Imputation can be performed using either default values or user-defined values. To specify the parameters, please use a dictionary in the following format:

config = {"rank": 5, "epsilon": 0.01, "iterations": 100}
imputer.impute(params=config)

All algorithms developed in ImputeGAP are available in the ts.algorithms module, which can be listed as follows:

from imputegap.recovery.manager import TimeSeries
ts = TimeSeries()
print(f"Imputation algorithms : {ts.algorithms}")

Parameter Tuning

The Optimizer component manages algorithm configuration and hyperparameter tuning. The parameters are defined by providing a dictionary containing the ground truth, the chosen optimizer, and the optimizer's options. Several search algorithms are available, including those provided by Ray Tune.

Example Auto-ML

You can find this example in the file runner_optimization.py.
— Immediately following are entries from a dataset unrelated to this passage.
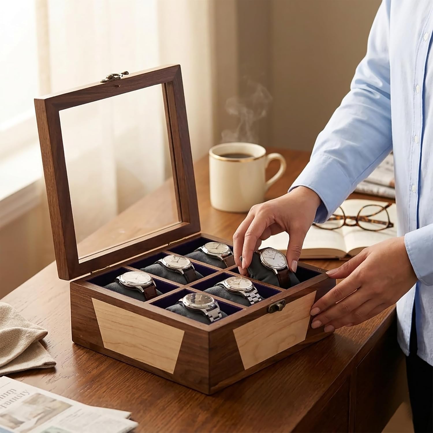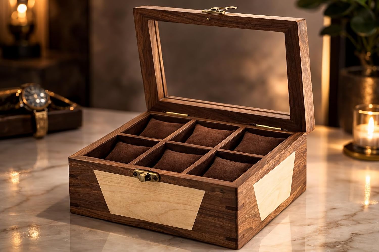 Elevate your watch collection with this exquisite handcrafted wooden watch box, expertly crafted from premium walnut and maple wood. Featuring a stunning glass lid, this 6-slot watch storage case lets you admire your treasured timepieces even when the box is closed. The rich contrast of walnut and maple creates a visually striking design that looks equally impressive on a bedroom dresser or office desk. Each slot is lined with soft cushioning to keep your watches safe and scratch-free. The brass latch closure adds a touch of vintage elegance, making this box as functional as it is beautiful. Whether you are looking for a thoughtful anniversary gift for your husband or boyfriend, a memorable groomsmen gift, or a special Christmas present for him, this premium watch display case is a truly inspired choice. It also makes a wonderful gift for fathers who appreciate fine craftsmanship. Organise your collection in style and give your watches the home they deserve.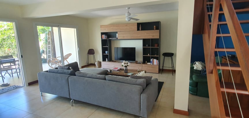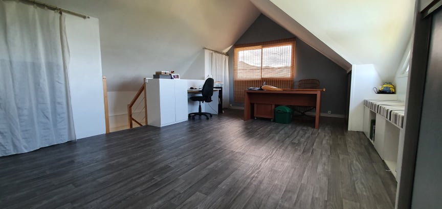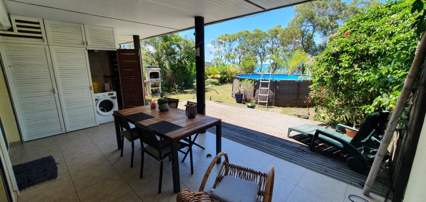 Au calme en situation dominante avec vue mer, villa jumelée en triplex de 118 m² habitable comprenant une cuisine équipée ouverte sur séjour, une SDE, une chambre, un WC. A l'étage, 2 chambres avec placards, un dégagement, un WC, une SDE, ainsi que les combles de 30 m² aménagées en chambre. Une terrasse couverte et un jardin clôturé et arboré avec piscine hors sol.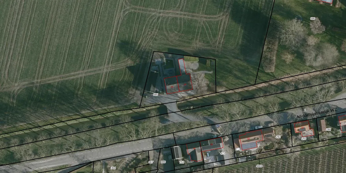 Het perceel waarop Middelsluissedijk WZ 26 staat heeft een oppervlakte van 1040 m². Dit is een zeer groot perceel. De perceeloppervlakte wordt geregistreerd door het Kadaster. Gedetailleerde informatie over de maten van dit perceel kunt u vinden in het rapport Kadastrale kaart met maatvoering van Middelsluissedijk WZ 26.

Let's illustrate the imputation using the CDRec algorithm and Ray-Tune AutoML:

from imputegap.recovery.imputation import Imputation
from imputegap.recovery.manager import TimeSeries
from imputegap.tools import utils

# initialize the time series object
ts = TimeSeries()

# load and normalize the dataset
ts.load_series(utils.search_path("eeg-alcohol"))
ts.normalize(normalizer="z_score")

# contaminate and impute the time series
ts_m = ts.Contamination.mcar(ts.data)
imputer = Imputation.MatrixCompletion.CDRec(ts_m)
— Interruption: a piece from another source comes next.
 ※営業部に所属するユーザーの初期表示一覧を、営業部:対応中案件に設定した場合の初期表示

# use Ray Tune to fine tune the imputation algorithm
imputer.impute(user_def=False, params={"input_data": ts.data, "optimizer": "ray_tune"})

# compute the imputation metrics with optimized parameter values
imputer.score(ts.data, imputer.recov_data)
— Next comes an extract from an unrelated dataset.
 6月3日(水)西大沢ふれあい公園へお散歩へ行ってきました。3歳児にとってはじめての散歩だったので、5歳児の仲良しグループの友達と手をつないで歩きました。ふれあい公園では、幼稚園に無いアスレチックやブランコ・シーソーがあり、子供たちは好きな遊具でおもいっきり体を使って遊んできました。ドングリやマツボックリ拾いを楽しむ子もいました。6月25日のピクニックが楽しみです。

# compute the imputation metrics with default parameter values
imputer_def = Imputation.MatrixCompletion.CDRec(ts_m).impute()
imputer_def.score(ts.data, imputer_def.recov_data)

# print the imputation metrics with default and optimized parameter values
ts.print_results(imputer_def.metrics, text="Default values")
ts.print_results(imputer.metrics, text="Optimized values")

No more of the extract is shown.